Cruel and Unusual Punishment

by Swan 26 Replies latest jw friends

  • Swan
    Swan

    Berten,

    I understand how you must feel. I had a family member like that, and I'm glad he's gone. He brought nothing but pure emotional torture and heartache to our family. My heart goes out to you. Keep well and good luck to you.

    Tammy

  • Swan
    Swan

    Mary,

    I'm sure you mother does still loves you and probably thinks about you every day. Perhaps you could suggest a relationship whereby you don't talk about the religion, see if she's receptive to that at all.

    I thank you for the suggestion. She however wants me to keep continue to keep my distance, as I have for the last eight years. Business only. While I would like to oblige her wishes out of respect, I feel it is no longer possible after several events have occurred. Therefore I will slowly work to remind them that they do have three children, not just two. Maybe eventually I will get to the place where I can suggest your alternative to her. I hope so. Thank you so much.

    Tammy

    Edited by - UglyDuckling on 19 August 2002 19:8:50

  • Swan
    Swan

    Ugg wrote:

    no religion should seperate families.....that is just so sad,,,,yet so common.....give her a call....

    many hugs to you.....

    Thanks for the hugs, and you are right. No religion should separate families. I guess that's another difference between a religion and a cult.

    DJ wrote:

    Never give up telling her that you love and miss her. I really believe that deeeeeep inside all of the dubdom, somewhere there is your mama. If she shows you hate just give her love. It'll take time and patience but it will work out if you persist. If it means that much to you, don't give up.

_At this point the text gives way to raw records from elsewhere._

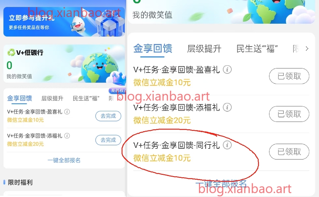 民生银行app-我的-权益中心,有这2-3个任务的,转入5w,可以立刻领30或40立减金,再转走即可
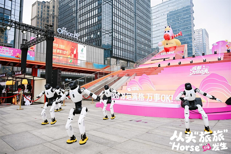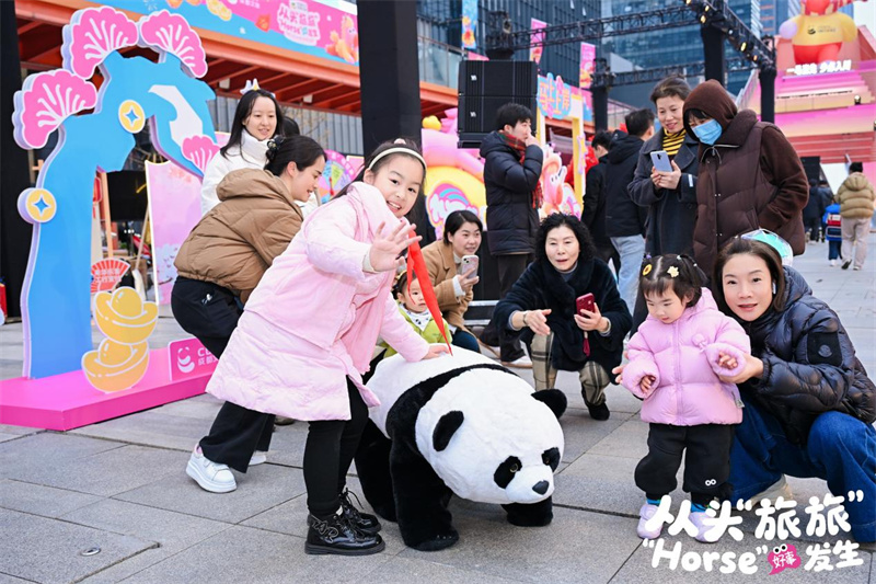 2025年12月31日一晚,大约12万名市民与游客奔赴交子大道,聚在双塔之下。天色未暗,市民、游客已络绎不绝进入成都文旅集团游园会。国风女童在“雪上飞”神马前留影,红帽阿姨在漫天飞雪中回忆青春,青年情侣手捧“福”字与神马同框,温婉母女与熊猫“胖花”来张自拍,三五稚童满园追逐机械熊猫,热情观众招呼机器人舞者,妙龄女子在红叶树下许下情缘,四代同堂在“好事成双”前来上一张全家福……
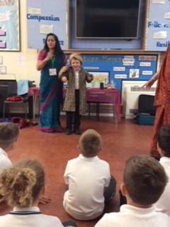 During our Indian experience day, we heard the story of Rama and Sita and how good triumphed over evil. Sunita told us the story which we acted out with her before retrieving it a few weeks later and acting it out in groups.

    DJ, I know she is there somewhere, and I will keep showing her love. I am a very patient person. And if she dies before I get through to her, at least I will know I did something.

    Thank you both.

    Tammy

  • Swan
    Swan

    Sentinel wrote:

    Don't give up on the ones you love, especially your dear mother. She is in a lot of pain as well, but she believes she must endure and that she is being tested for her faith. My mother was estranged from me for twelve years. She was extremely stubborn, and I would call her and cry, and she wouldn't do or say anything. She would finally just say, "I can't talk to you" and hang up.
    I did for a while because I was in such pain. It hurts to be abandoned by someone who you used to sing you that song as a child. I felt bitter and hurt, but then I began to understand more and accept.
    This is what the borg does to families. It ripped us apart when we had been very close as mother and daughter. It is so unnatural and unloving. My mother told me later, that she was so very unhappy and depressed during our time apart. At one point, she told me that she had a nervous breakdown. I hate the society for doing this to her and to me. I hate them for doing it to you.
    I know it hurt her a lot too. My brother told me when I we ran across each other by chance one day and I accosted him about some money he owed me (family business). He of course blamed me for my Mom's grief, but I knew it was all a needless result of the silly rules of the JWs.
    One of my counselors advised me that I had to let go of her, which didn't mean to give up, but simply to get on with my life and accept things as they were. I did this and it broke my heart. But, as time went by, she softened and finally showed up to visit. That was in 1992, and we have been connected ever since. She won't speak about "the truth", or have any deep or meaningful conversations, but it's wonderful just to have her say anything to me. It's not all one-sided now.
    That's great! With me, I was ignoring the issues, and it wasn't helping at all. Nightmares, depression, etc. Now my counselor is glad I am taking some action and addressing my issues. I have to be careful not to let this become my whole life, but a way for me to begin healing instead. If I do gain my mother back, how wonderful that would be, but if I don't, at least I will have felt that I did what I could. Is it tilting at windmills? Yes, perhaps.
    Be brave and be strong. Be good to yourself. Keep loving friends close. I will be thinking of you. Thank you for printing out all the words to the song.

    Thank you too.

    Tammy

  • Mulan
    Mulan

    Tammy, definitely do it! Send postcards and "thinking of you" cards. You are right..........you aren't under any such restriction. You can write her anytime you please. I recommend it.

  • Swan
    Swan

    Dear Granny,

    You wrote:

    I cried a million tears for too many years over the loss of my family...and ya know what? it never erases the pain totally. I sound harsh and mean at times, but within my heart, of course I love and miss the only family I once ever knew - no matter how dysfunctional we all were.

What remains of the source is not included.